25.1 Kaplan Scaling Laws (2020)

The Kaplan et al. paper ("Scaling Laws for Neural Language Models") showed that language model loss follows power laws in three independent variables:

$$L(N) = \left(\frac{N_c}{N}\right)^{\alpha_N}, \quad \alpha_N \approx 0.076$$

$$L(D) = \left(\frac{D_c}{D}\right)^{\alpha_D}, \quad \alpha_D \approx 0.095$$

$$L(C) = \left(\frac{C_c}{C}\right)^{\alpha_C}, \quad \alpha_C \approx 0.050$$

where: - $N$ = number of parameters (excluding embeddings) - $D$ = number of data tokens - $C$ = compute budget in FLOPs ($C \approx 6ND$ for a forward+backward pass) - $N_c, D_c, C_c$ are constants - $\alpha_N, \alpha_D, \alpha_C$ are the scaling exponents

Log-Log Plot of Loss vs Compute:

  Loss (log)
    │
  2 ┤  ●
    │    ●
    │      ●
  1 ┤        ●
    │          ●
    │            ●          ← straight line on log-log = power law!
 0.5┤              ●
    │                ●
    │                  ●
    └──┬──┬──┬──┬──┬──┬──→ Compute (log FLOPs)
      10¹⁷  10¹⁹  10²¹  10²³

Key insight: The loss doesn't plateau — it keeps improving as a smooth power law. No architecture change needed. Just add more compute.

25.2 The Kaplan Allocation Rule (and Why It Was Wrong)

Kaplan's original recommendation: when given more compute, scale parameters faster than data. Specifically:

$$N_{\text{opt}} \propto C^{0.73}, \quad D_{\text{opt}} \propto C^{0.27}$$

This led to GPT-3: 175B parameters trained on "only" 300B tokens. Massive model, relatively little data.

25.3 Chinchilla Scaling Laws (2022)

Hoffmann et al. at DeepMind showed Kaplan was wrong about the optimal allocation. Their finding:

$$N_{\text{opt}} \propto C^{0.50}, \quad D_{\text{opt}} \propto C^{0.50}$$

Parameters and data should scale equally. The rule of thumb:

Chinchilla-optimal: train on ~20 tokens per parameter.

Model Params Training Tokens Tokens/Param Status
GPT-3 175B 300B 1.7 Severely undertrained
Chinchilla 70B 1.4T 20 Optimal
LLaMA 2 70B 70B 2T 29 Over-trained (for inference efficiency)
LLaMA 3 8B 8B 15T 1875 Massively over-trained (deliberate)

Why over-train? For deployment: a smaller, over-trained model is cheaper to serve than a larger, optimally-trained model with the same quality. LLaMA 3 pushed this to the extreme.

25.4 The Compression Interpretation (Sutskever)

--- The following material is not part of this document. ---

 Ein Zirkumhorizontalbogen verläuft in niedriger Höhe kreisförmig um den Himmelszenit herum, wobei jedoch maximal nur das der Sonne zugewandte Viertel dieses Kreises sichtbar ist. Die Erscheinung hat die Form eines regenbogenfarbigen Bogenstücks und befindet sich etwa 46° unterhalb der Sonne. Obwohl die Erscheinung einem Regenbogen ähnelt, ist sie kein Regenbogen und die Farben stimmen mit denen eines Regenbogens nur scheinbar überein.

Ilya Sutskever's elegant reframing:

"Prediction is compression. A model that predicts the next token well is one that has found a compact representation of the data's structure. Scaling laws are compression efficiency curves."

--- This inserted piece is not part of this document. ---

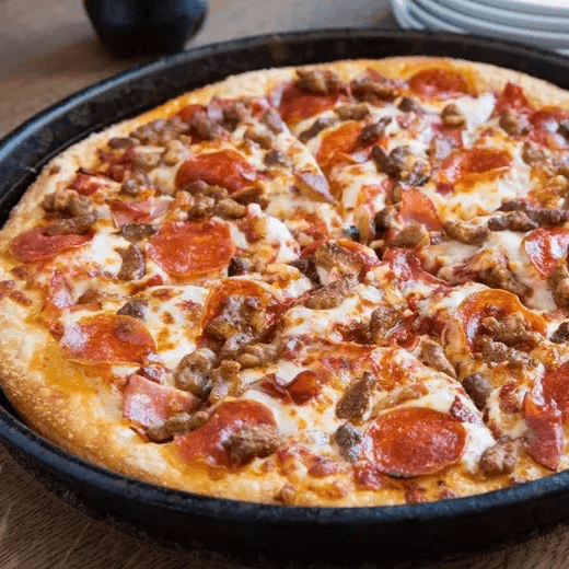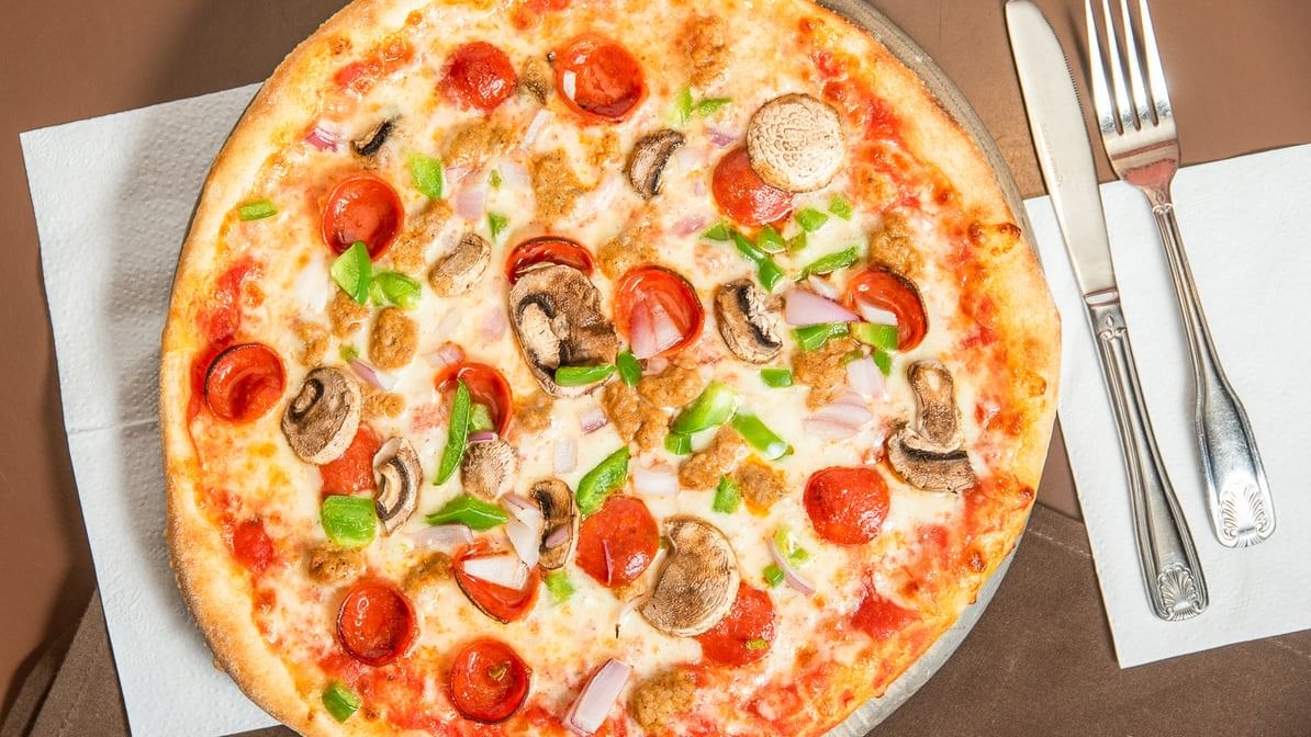 Topped with pepperoni, mushrooms, green peppers, onions, and sausage. Available in large or personal size

Cross-entropy loss is literally the number of bits needed to encode the data under the model's predictions:

$$L = -\frac{1}{T}\sum_{t=1}^{T} \log_2 p(x_t | x_{

As compute increases: - The model finds better compressions of the training data - Loss decreases along a power law - Each bit of improvement means the model captures more structure

Compression View:

  Bits per token
       │
  10   ┤  Raw text (no compression)
       │
   5   ┤  ●  Small model (memorizes common patterns)
       │     ●
   3   ┤        ●  Medium model (grammar, basic semantics)
       │           ●
   2   ┤              ●  Large model (world knowledge)
       │                 ●
  1.5  ┤                    ●  Very large (reasoning, analogy)
       │                       ●
       └──────────────────────────→ log(Compute)

The profound implication: If compression = understanding, and scaling laws say compression improves smoothly with compute, then understanding improves smoothly with compute. There's no wall (yet).

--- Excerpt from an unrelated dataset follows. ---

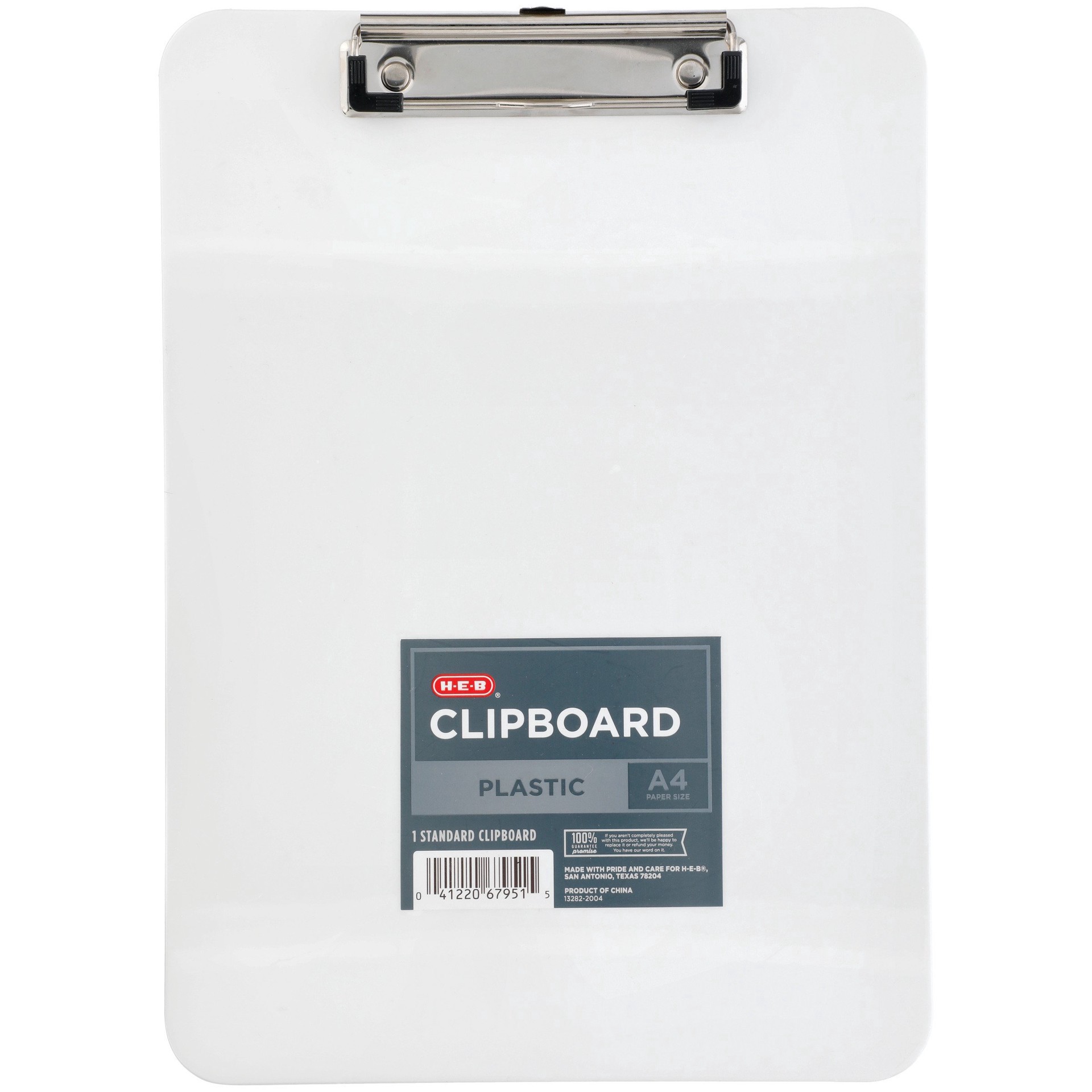 Keep your documents secure and easily accessible with the H-E-B Standard Plastic Clipboard. Measuring 8" x 11", this clipboard is perfect for holding standard letter-sized papers. The durable plastic …

25.5 Emergence: Real or Artifact?

The original claim (Wei et al., 2022): Some abilities appear suddenly at a certain scale: - Chain-of-thought reasoning: absent in small models, present in large ones - In-context learning: few-shot performance jumps discontinuously - Multi-step arithmetic: impossible below ~100B parameters

The counter-argument (Schaeffer et al., 2023): "Emergent abilities" may be a measurement artifact: - If you measure with accuracy (0 or 1), performance looks discontinuous - If you measure with log-probability (continuous), improvement is smooth - The "emergence" is in the metric, not the model

Same model, different metrics:

  Accuracy                         Log-probability
     │                                │
  1  ┤          ●●●●●                 │         ●●●●●
     │         /                      │       ●
     │        /                       │     ●
     │       /                        │   ●
  0  ┤●●●●●/  ← looks sudden!     -5 ┤ ●  ← looks smooth!
     └──────────→ scale              └──────────→ scale

Current consensus: The truth is nuanced. Some capabilities genuinely have phase transitions (likely related to the model's ability to compose learned primitives), but many reported emergences are metric artifacts.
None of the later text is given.